Why doesn't k-means give the global minima? - cluster-analysis

I read that the k-means algorithm only converges to a local minima and not to a global minima. Why is this? I can logically think of how initialization could affect the final clustering and there is a possibility of sub-optimum clustering, but I did not find anything that will mathematically prove that.
Also, why is k-means an iterative process?
Can't we just partially differentiate the objective function w.r.t. to the centroids, equate it to zero to find the centroids that minimizes this function? Why do we have to use gradient descent to reach the minimum step by step?

Consider:
. c .
. c .
Where c is a cluster centroid.
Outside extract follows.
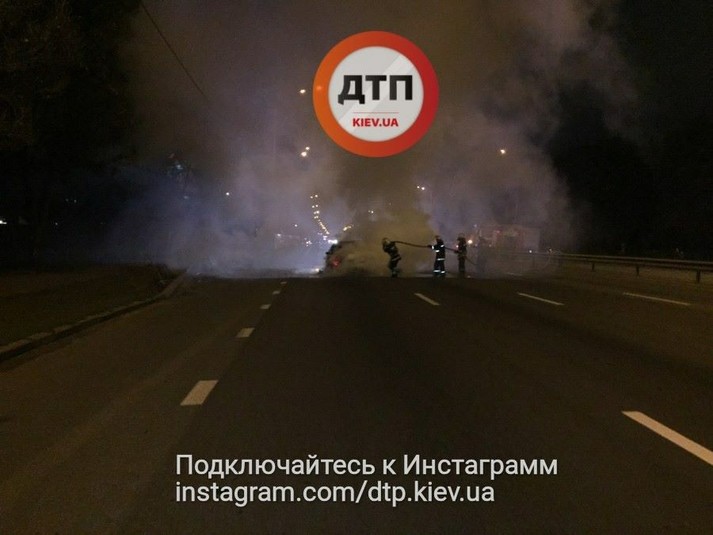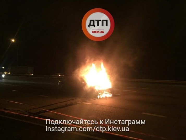 У Києві на Столичному шосе в неділю пізно ввечері відбулося зіткнення двох автомобілів, внаслідок чого один із них загорівся, а другий опинився в кюветі.

The algorithm will stop, but a better solution is:
. .
c c
. .
With regards to a proof - You don't require a mathematical proof to prove that something isn't always true, you just need a single counter-example, as provided above. You can probably convert the above into a mathematical proof, but this is unnecessary and generally requires a lot of work; even in academia it is accepted to merely give a counter-example to disprove something.
The k-means algorithm is by definition an iterative process, it's simply the way it works. The problem of clustering is NP-hard, thus using an exact algorithm to calculate the centroids would take immensely long.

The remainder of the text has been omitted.